Graduated Drivers License
Licenses for younger drivers that allow them to improve their skills. Regulations vary by state, but often restrict night time driving. Young drivers receive a learner’s permit, followed by a provisional license, before they can receive a standard drivers license.
Insurance Score
Insurance scores are confidential rankings based on credit information. This includes whether the consumer has made timely payments on loans, the number of open credit card accounts and whether a bankruptcy filing has been made. An insurance score is a measure of how well consumers manage their financial affairs, not of their financial assets. It does not include information about income or race.

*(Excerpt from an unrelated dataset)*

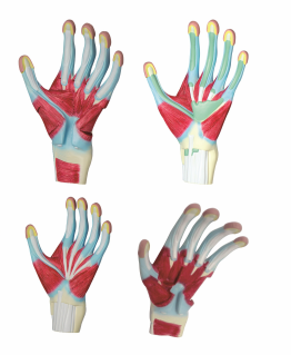 ■ 功能:模型一套四只,在腕掌側(cè)韌帶上方水平橫切,分別由淺入深層層解剖。主要顯示手背和手掌部的肌肉、肌腱及橈、尺側(cè)囊。在手掌側(cè),可示外側(cè)、中間和內(nèi)側(cè)三群,模型還顯示前臂肌肉的肌腱達(dá)手背、手掌部的止點(diǎn);

Studies have shown that people who manage their money well tend also to manage their most important asset, their home, well. And people who manage their money responsibly also tend to handle driving a car responsibly. Some insurance companies use insurance scores as an insurance underwriting and rating tool.
Liability Insurance
Insurance for what the policyholder is legally obligated to pay because of bodily injury or property damage caused to another person.
No Fault
Auto insurance coverage that pays for each driver’s own injuries, regardless of who caused the accident. No-fault varies from state to state. It also refers to an auto liability insurance system that restricts lawsuits to serious cases. Such policies are designed to promote faster reimbursement and to reduce litigation.
Pay at the Pump
A system proposed in the 1990s in which auto insurance premiums would be paid to state governments through a per-gallon surcharge on gasoline.
Policy
A written contract for insurance between an insurance company and policyholder stating details of coverage.
Premium
The price of an insurance policy, typically charged annually or semiannually.
Salvage
Damaged property an insurer takes over to reduce its loss after paying a claim. Insurers receive salvage rights over property on which they have paid claims, such as badly-damaged cars. Insurers that paid claims on cargoes lost at sea now have the right to recover sunken treasures. Salvage charges are the costs associated with recovering that property.
Total Loss
The condition of an automobile or other property when damage is so extensive that repair costs would exceed the value of the vehicle or property.
Underwriter
Examining, accepting, or rejecting insurance risks and classifying the ones that are accepted, in order to charge appropriate premiums for them.